Вотье ничего не ответил. Он решил изучать Бержана не только со стороны его сходства с Меркером, но и с моральной стороны. И после этого разговора Меркер написал Бержану: ‘Согласен’.
Двойные зеленые бархатные занавеси на окнах были тщательно задвинуты, в камине ярко пылал огонь, а три большие лампы без абажуров освещали комнату. Доктор Вотье сидел в кожаном кресле, наблюдая за Меркером и Бержаном, они стояли перед ним, оба одинаково одетые, и разговаривали.
— Добились! — пробормотал Вотье. — Или, по крайней мере, скоро добьетесь.
— Господин Бержан, — продолжал он громко, — вы делаете поразительные успехи. Это наша пятая репетиция, и вы уже почти совершенно одно лицо с Меркером… Да, почти что… Только не забывайте такого характерного для Меркера жеста, когда он вдруг слегка пожимает плечами и откидывает голову назад, хмуря брови… а руки держит в карманах пиджака… Да, да, вот так! Не забывайте делать этот жест время от времени, когда будете слушать собеседника. А затем привыкните быть более резким в движениях, Меркер всегда резок. Он мало жестикулирует, обратите на это внимание, у вас есть склонность к жестам, гораздо больше, чем у него, у Меркера жест порывистый и четкий. Старайтесь также, когда говорите, отчетливее вбивать слова. У вас голос более мягкий, более музыкальный, чем у него.
— Хорошо, — сказал покорно Бержан.
Меркер взял папиросу и закурил. Бержан сделал то же.
— Прекрасно, — одобрил его Вотье. — Ваши движения совершенно тождественны… Теперь садитесь оба передо мной и будем втроем разговаривать… Господин Бержан, заметьте это движение Меркера: он кладет левую ногу на правую и наклоняется корпусом вправо… Не совсем так, он делает это резче. На этот раз хорошо. Не забывайте, что он всегда сморкается левой рукой. Это, конечно, все детали, но ничем не надо пренебрегать… Быть может, среди людей, с которыми вам придется встречаться, будет тонкий наблюдатель… Впрочем, уверяю вас, успех обеспечен. Я умею наблюдать: почти невозможно отличить вас одного от другого. Конечно, для меня есть разница, быть может, она была бы и для всякого, наблюдающего за вами, когда вы вместе. Но, видя вас порознь, ни один непредубежденный человек не усомнится, что видит одно и то же лицо… Я даже не уверен, что и предубежденный человек может заметить разницу… Господин Бержан, господин Бержан, послушайте, не принимайте такого мечтательного вида. У Клода Меркера никогда не бывает мечтательного вида. Он часто бывает молчалив, в особенности там, где вы его должны будете заменять… В таких случаях у него бывает озабоченный вид, но никогда нет блуждающих глаз и приятной полуулыбки, дающей такое мягкое выражение вашему лицу. Вы обратите на это внимание, не правда ли? Простите за эти постоянные уроки, но…
— Я вам бесконечно благодарен, — почтительно сказал Бержан. — Единственное мое желание — это быть достойным той чести, которую оказывает мне господин Меркер, соглашаясь на мое скромное сотрудничество.
— Поговорим немного о банкете, — прервал его Меркер — Я вам дал, Бержан, список приглашенных и описал тех, кому вам придется сказать несколько слов.
— Я все знаю наизусть, — сказал Бержан, — а сейчас я учу речь, которую должен буду произнести… На следующей нашей репетиции я скажу ее, а вы будете так добры поправить мне интонации.
— За обедом вы кашлянете несколько раз, — прервал его доктор Вотье. — Этим можно будет объяснить глухой голос, который у вас, пожалуй, будет от волнения на первом вашем выступлении.
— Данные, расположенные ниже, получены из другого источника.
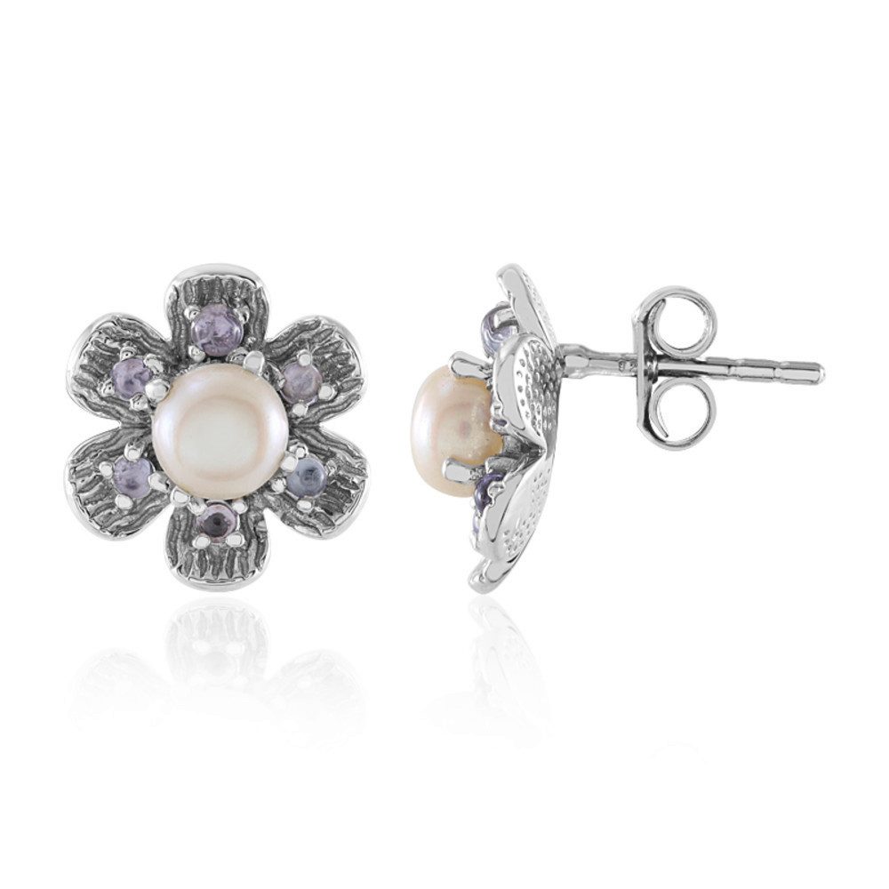 Diese edlen weißen Süßwasserzuchtperlen-Silberohrringe sind ein Highlight für Einsteiger und Kenner gleichermaßen. Die sorgfältig ausgewählten, rund geschliffenen Perlen aus China werden von 12 funkelnden Tansaniten aus Tansania in einem zauberhaften floralen 925er Sterlingsilber-Design eingefasst. Ideal für elegante Abendkleider, das Business-Outfit oder festliche Anlässe setzen diese Ohrringe feminine Akzente und unterstreichen zeitlose Schönheit mit einem Hauch von Exklusivität.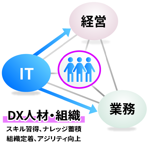 経営、業務、ITの三位一体改革をDXと捉え、お客様に伴走しながらビジネスデザインから実装までを一貫してサポート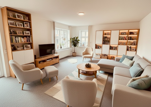 Die Möblierung wurde teilweise mit KI realisiert um eine mögliche Einrichtung besser visualisieren zu können.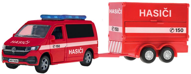 Auto požární VW hasiči zpětný chod set s vlečkou a doplňky český design CZ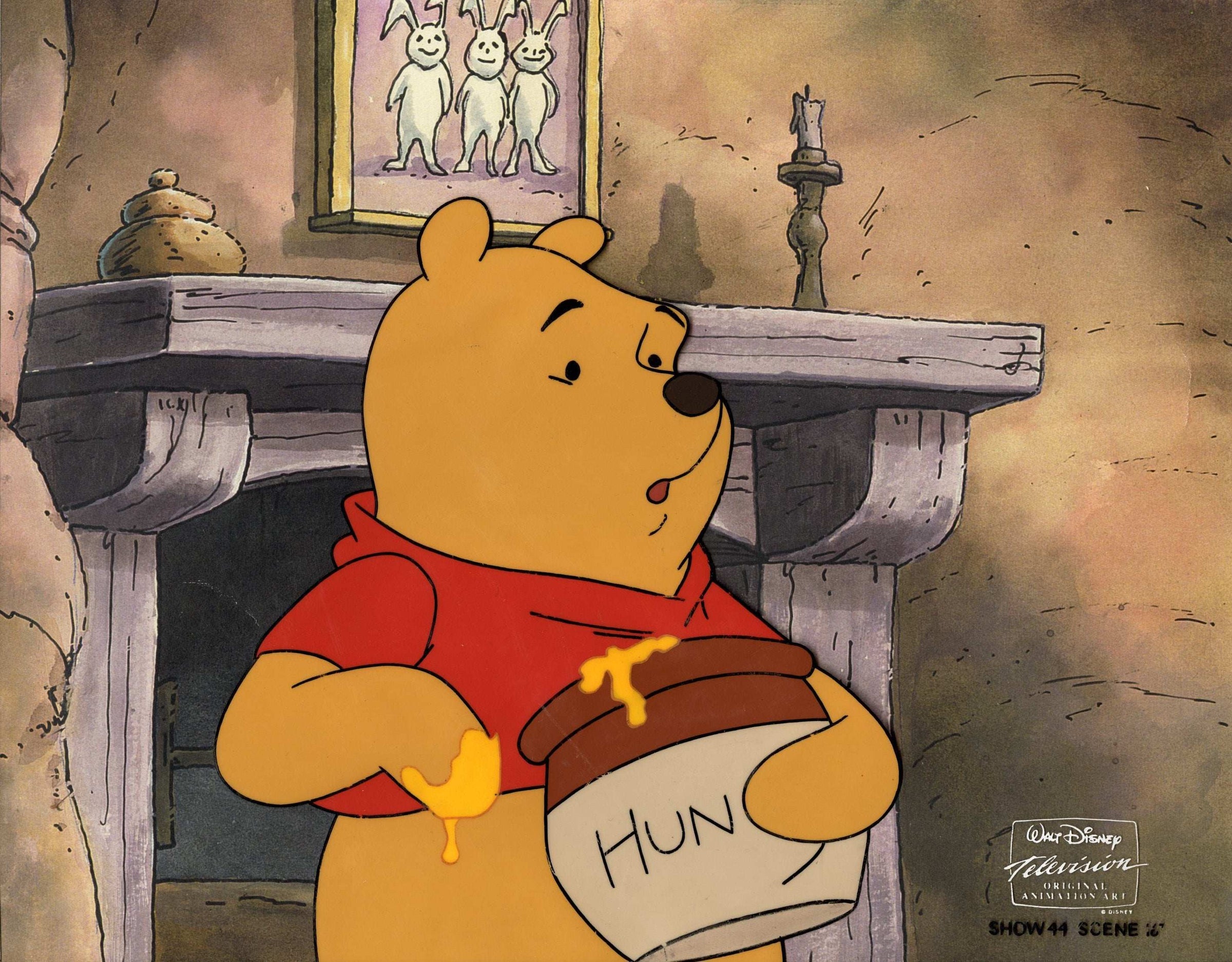 ABOUT THE MEDIUM: Original production cels are one-of-a-kind pieces of art that were used in the creation of an animated film or television show. Each has been hand-painted by studio artists on a piece of celluloid acetate, and has been photographed over a background painting to create a frame of the finished production.

— Если с вами заговорят о вопросах, выходящих из указанных мной рамок, вы скажете только: ‘Мы об этом еще поговорим’.
Вотье засмеялся.
— Слышите, господин Бержан, эту четкую интонацию, обрывающую и сажающую на место всяких просителей и нахалов: ‘Мы об этом еще поговорим!’
— В качестве просителя, — сказал Меркер, — вас, Бержан, будет, наверное, осаждать некто Буфремон. Знаешь, Вотье, наш товарищ по лицею. Он будет там, потому что он лезет всюду. Это толстый, бритый малый, с розовыми щеками, черными усами и блестящей лысиной, элегантный, в орденах и важный. У него мания напоминать мне о тысячах мелочей из воспоминаний детства, к которым я совершенно равнодушен или о которых я совсем забыл… Правда, — добавил он, — у меня в голове столько вопросов, требующих немедленного разрешения, что из моей памяти улетучились все мелкие детали прошлого. Я бы не мог даже вспомнить, как звали наших преподавателей.
— Ты очистил место, чтобы поместилось то, что тебе сейчас нужно. Прекрасная штука забывать… Меньше замечаешь, что стареешь… Но я, старина, я не забываю некоторых вещей из прошлого… — добавил он. И, увидев, что Меркер хочет остановить его жестом, добавил: — Не бойся, я не собираюсь опять говорить тебе о моей благодарности, но знай, что я сообщил об этом господину Бержану. Да, как-то вечером, пока мы ждали тебя… Я это сделал, чтобы он знал, что может доверять мне, как тебе самому…
Но Вотье сделал это также и для того, чтобы Бержан знал, что за ним наблюдает и его изучает безгранично преданный Клоду Меркеру человек.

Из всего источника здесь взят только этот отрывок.